Once you have the logic figured out, you should be able to press the right arrow key to cycle through all the emojis you’ve selected. But what if we want to also cycle backwards?

Problem 5.b: Define a new function previous_picture that performs the inverse of the next_picture function. Like the other function, the previous_picture function should consume a picture and produce nothing, instead calling the set_emoji_name function. The logic should be reversed. Call the previous_picture function correctly inside of the change_picture function IF the player types the "left" arrow key.

6. Varying Growth Rates

We are almost done, we just have one more feature to add. Since we have different emojis, we will make them grow at different rates, essentially having different difficulty levels.

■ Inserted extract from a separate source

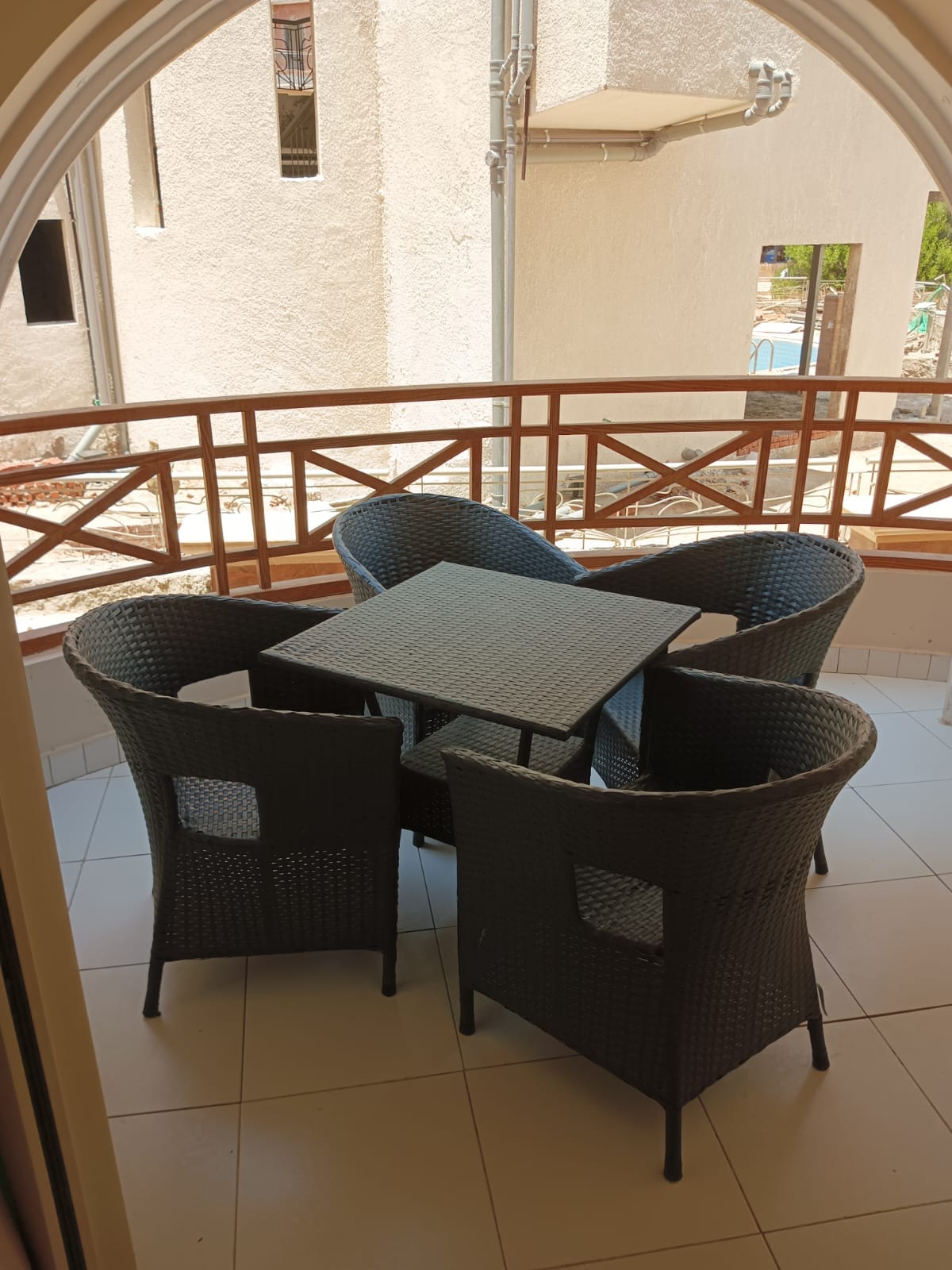 Escape to La Vista 1! Ground-floor chalet with a private garden, direct sea view, and pool steps away. 2 spacious bedrooms, 1 bathroom, full AC, LED TV with OSN & BEIN, fully equipped kitchen, and outdoor grill. Immaculately clean—refund if anything isn’t perfect. Perfect for families.

Problem 6: Define a new function named get_growth_rate that consumes a picture and produces a float value indicating how much that emoji should grow in one step. Then, call that function in your existing grow_picture function so that the picture grows at the varying rate instead of the constant rate.

7. Going Beyond

At this point, you have achieved all of the features you need for your game! Show it to someone else and see what they think! Here are some other ways to extend the game.

• If you’re not happy with your game having no way to win, you are free to add another condition to check_picture that determines if the Emoji has shrunk down small enough, and then end the game the same way.

• Change the background image (set_window_image(path)) and window size (set_window_size(width, height)) to be something more thematically appropriate to your game.

• Look up the randint function, which allows you to make random integers. Use this function to have the emoji move around the screen at random times and to random positions.